Take the idea of a thoughtless hole to the extreme. If a 450-yard hole had no fairway, only rough and a green, then it would be thoughtless. You’d just aim at the flag and rip driver, then you’d hack it up towards the green.
When people call for narrowing fairways and growing up the rough, more often than not they’re calling for reducing complexity. They want to cover short grass areas where you must control the ball and its roll with thick rough that stops the ball. It raises the scoring average at the expense of complexity. Now, if you want to challenge the underlying assertion that short grass promotes more complexity, we can have that debate. And to be clear, nothing is inherently complex about short grass. A hole with a 60-yard-wide fairway and zero contouring is likely an uninteresting design. But well-designed holes with interesting contours featuring short grass are complex and interesting. We shouldn’t cover up those designs with rough.
So that’s it. That’s my position. We should strive for creative, intellectually stimulating designs. And when we call for narrow fairways with thick rough, we’re just advocating for less complexity. Oakmont is an absolutely incredible golf course, and it will provide a phenomenal test this week. It would just provide a better test if the game were at scale, such that the golf course didn’t have to be narrowed and lined with 5-inch rough to protect par.
Two expectations for the week:
- I don’t expect distance to be overwhelmingly advantageous this week, with the caveat that many of the longest-hitting players also excel with long irons and at gouging shots out of the thick rough. The approach shot into the 236-yard par 3 16th is a brute, for example. If you don’t hit the ball far, you’ll likely struggle with that shot. But off the tee, this is not a bomb and gouge setup. More on that below.
- I expect quite a bit of randomness induced by the thick rough, especially around the greens. With rough this thick and greens this fast and severe, there is a high degree of chance. Players will lash at shots from around the greens, which sometimes will yield a good outcome while other times the ball will travel about three feet and they’ll be faced with almost an identical shot again. This dynamic can lead to funky outcomes, like a top player’s tournament getting derailed by a big number after finding a horrible lie in the rough.
In summary, Oakmont is terrific. The greens are outstanding, complex, and require both skill and thought to navigate. But would Oakmont play better and reward skill more if the game were at scale and the course could feature wider fairways and shorter rough while producing the same scoring average? Absolutely. There is no doubt about it.
Reader-Submitted Question
Reader: Can you provide any insights from the ground? Has anything surprised you?
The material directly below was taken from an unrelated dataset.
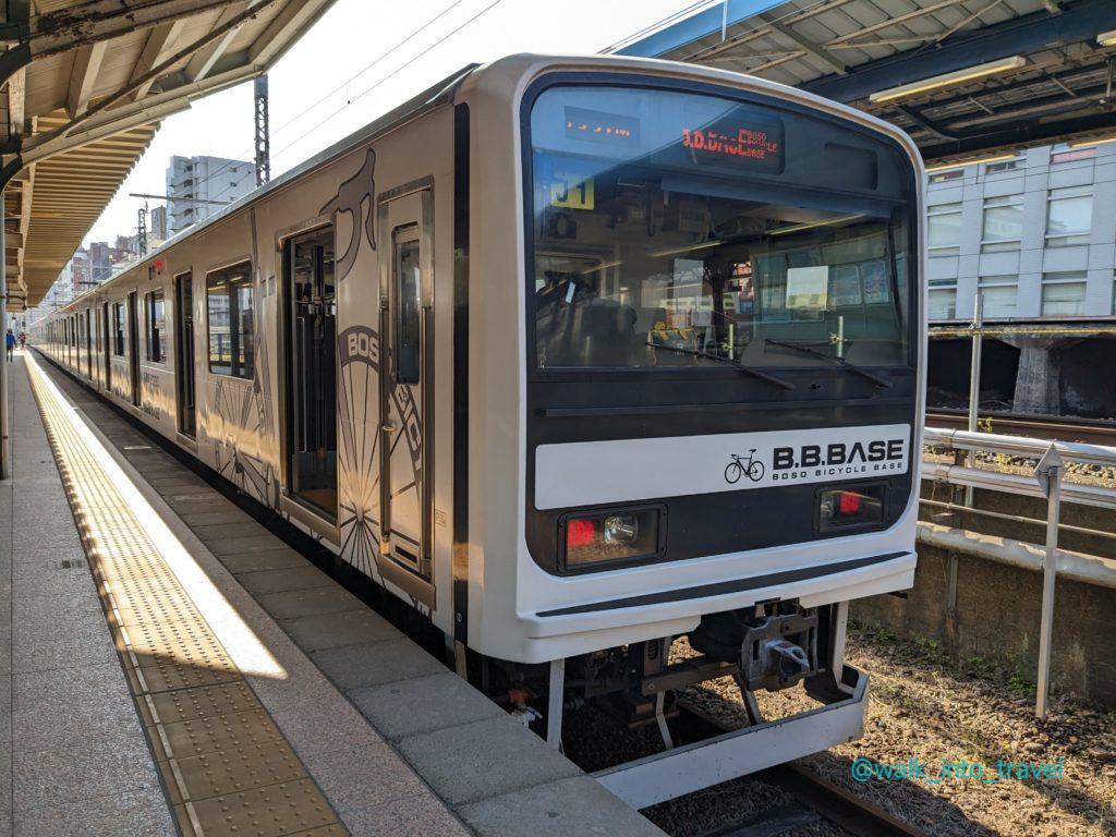 さて、旅の出発はB.B.BASEの始発駅である両国駅。この駅は両国国技館で有名ですが、千葉の鉄道玄関口として長い間利用されてきた駅です。武蔵国と下総国の両方の国を結ぶ名前の通りの役割をもっています。B.B.BASEの出発は概してやや早く、私が乗車したときは8時12分発でした。途中停車駅はサイクリストのために設計されており、たとえば千葉駅ではなく東千葉駅停車するといったイレギュラーな停まり方をします。

Answer: Let’s just dump some notes.
I’ve been a little surprised by some of the elevation changes. The golf course has much more undulation than I appreciated entering the week, which creates both additional penalties for offline tee shots and also a fair amount of blind shots. For example, the third hole is way uphill. The 17th hole is also way uphill and sort of blind to where you must be prepared with your targets and fully commit to them.
Oakmont isn’t a golf course where you hit driver 14 times off the tee. Relatedly, you cannot get away with wide misses at Oakmont like you could at Winged Foot or Oak Hill. For both of those reasons, I think we’ll see some shorter, highly accurate and proper ball-strikers in the mix come Sunday.
When that happens, please do not fall for the “thick rough tests accuracy” narrative. Winged Foot and Oak Hill both had thick rough. The difference is that wide misses were not penalized heavily at either of those golf courses. Also, the fairways at Oakmont should be more receptive and more hittable than the bouncy, narrow fairways at Winged Foot and Oak Hill. I talked to a player yesterday who mentioned that the fairways at Winged Foot were essentially unhittable and being one yard off the fairway was the worst possible place to be. Fairways will be more hittable at Oakmont.
This is going to be an incredible championship.